RECORDS FOR THIS EXERCISE:
------------------------
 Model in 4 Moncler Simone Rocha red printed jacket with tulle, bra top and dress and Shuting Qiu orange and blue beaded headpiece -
------------------------
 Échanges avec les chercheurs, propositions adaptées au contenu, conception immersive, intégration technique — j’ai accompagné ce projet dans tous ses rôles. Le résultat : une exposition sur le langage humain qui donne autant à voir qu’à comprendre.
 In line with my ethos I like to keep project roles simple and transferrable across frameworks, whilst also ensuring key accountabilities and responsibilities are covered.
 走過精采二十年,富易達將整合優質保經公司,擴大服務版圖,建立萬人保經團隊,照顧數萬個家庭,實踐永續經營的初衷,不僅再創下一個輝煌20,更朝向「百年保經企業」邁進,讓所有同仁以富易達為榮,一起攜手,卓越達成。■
------------------------
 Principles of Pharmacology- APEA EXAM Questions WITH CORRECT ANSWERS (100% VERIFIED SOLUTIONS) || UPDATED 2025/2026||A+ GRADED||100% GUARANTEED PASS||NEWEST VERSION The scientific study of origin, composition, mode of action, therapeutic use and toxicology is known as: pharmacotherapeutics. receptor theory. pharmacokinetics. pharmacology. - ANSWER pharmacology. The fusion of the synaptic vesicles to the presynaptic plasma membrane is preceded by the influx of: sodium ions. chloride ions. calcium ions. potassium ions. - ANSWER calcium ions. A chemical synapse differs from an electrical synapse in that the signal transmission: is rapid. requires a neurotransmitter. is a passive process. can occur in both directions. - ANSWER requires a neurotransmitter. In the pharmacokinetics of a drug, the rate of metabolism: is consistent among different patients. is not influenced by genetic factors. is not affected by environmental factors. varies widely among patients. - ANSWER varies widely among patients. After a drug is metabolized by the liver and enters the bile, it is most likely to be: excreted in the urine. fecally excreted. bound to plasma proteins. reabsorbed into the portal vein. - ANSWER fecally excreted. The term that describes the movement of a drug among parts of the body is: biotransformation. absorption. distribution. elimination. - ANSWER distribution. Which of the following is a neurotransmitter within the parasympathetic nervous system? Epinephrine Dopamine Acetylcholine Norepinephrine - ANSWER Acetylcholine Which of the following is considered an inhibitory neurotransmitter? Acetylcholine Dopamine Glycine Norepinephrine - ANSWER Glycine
------------------------
WORK REQUEST:
Using the entries above, output exactly the lines between the line holding "Échanges avec les" and the line holding "走過精采二十年,富易達將整合", end lines included, and nothing more.

WRITTEN SOLUTION:
 Échanges avec les chercheurs, propositions adaptées au contenu, conception immersive, intégration technique — j’ai accompagné ce projet dans tous ses rôles. Le résultat : une exposition sur le langage humain qui donne autant à voir qu’à comprendre.
 In line with my ethos I like to keep project roles simple and transferrable across frameworks, whilst also ensuring key accountabilities and responsibilities are covered.
 走過精采二十年,富易達將整合優質保經公司,擴大服務版圖,建立萬人保經團隊,照顧數萬個家庭,實踐永續經營的初衷,不僅再創下一個輝煌20,更朝向「百年保經企業」邁進,讓所有同仁以富易達為榮,一起攜手,卓越達成。■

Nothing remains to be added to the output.